My confusion about generic interfaces and boxing/unboxing came from the fact I knew C# generics enabled us to produce more efficient code.

For example, the fact int implements IComparable<T> and IComparable meant to me:

  • IComparable was to be used with old, pre-generics code, but would mean boxing/unboxing
  • IComparable<T> was to be used to generics enabled code, supposedly avoiding boxing/unboxing

Eric Lippert's comment is as simple, clear and direct as it can be:

Generic interface types are interface types. There's nothing special about them that magically prevents boxing

From now, I know without doubt that casting a struct into an interface will imply boxing.

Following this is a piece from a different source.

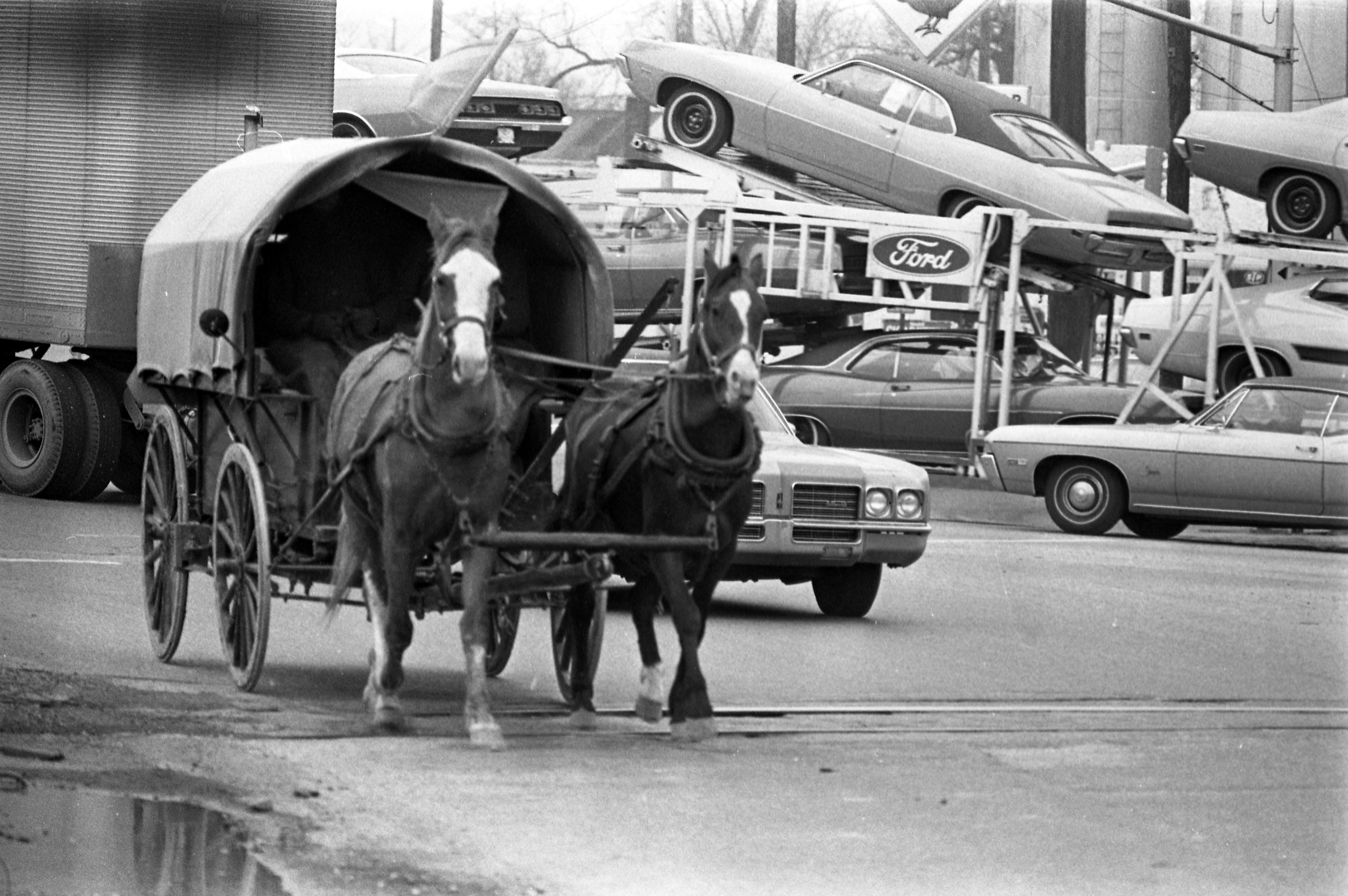 Two horses pulling a covered wagon through Evansville. The location (as determined from MSS 228-1020) seems to be on N. Kentucky Ave., just north of what was then Division St. There is heavy street traffic around them.

But then, how IComparable<T> was supposed to work more efficiently than IComparable?

This is where supercat's answer (edited by Lasse V. Karlsen) pointed me to the fact generics were more like C++ templates than I thought:

The purpose of IComparable is to allow for something like:

   void bar<T>(T value) where T : IComparable<T> { /* etc. */ }

Which is quite different from:

   void bar(IComparable<T> value) { /* etc. */ }

Or even:

   void bar(IComparable value) { /* etc. */ }

My guess is that for the first prototype, the runtime will generate one function per type, and thus, avoid boxing issues when dealing with structs.

Whereas, for the second prototype, the runtime will only generate functions with an interface as a parameter, and as such, do boxing when T is a struct. The third function will just box the struct, no more, no less.

(I guess this is where C# generics combined with C# structs show their superiority when compared with Java type-erasure generics implementation.)

Merlyn Morgan-Graham's answer provided me with an example of test I'll play with at home. I'll complete this summary as soon as I have meaningful results (I guess I'll try to use pass-by-reference semantics to see how all that works...)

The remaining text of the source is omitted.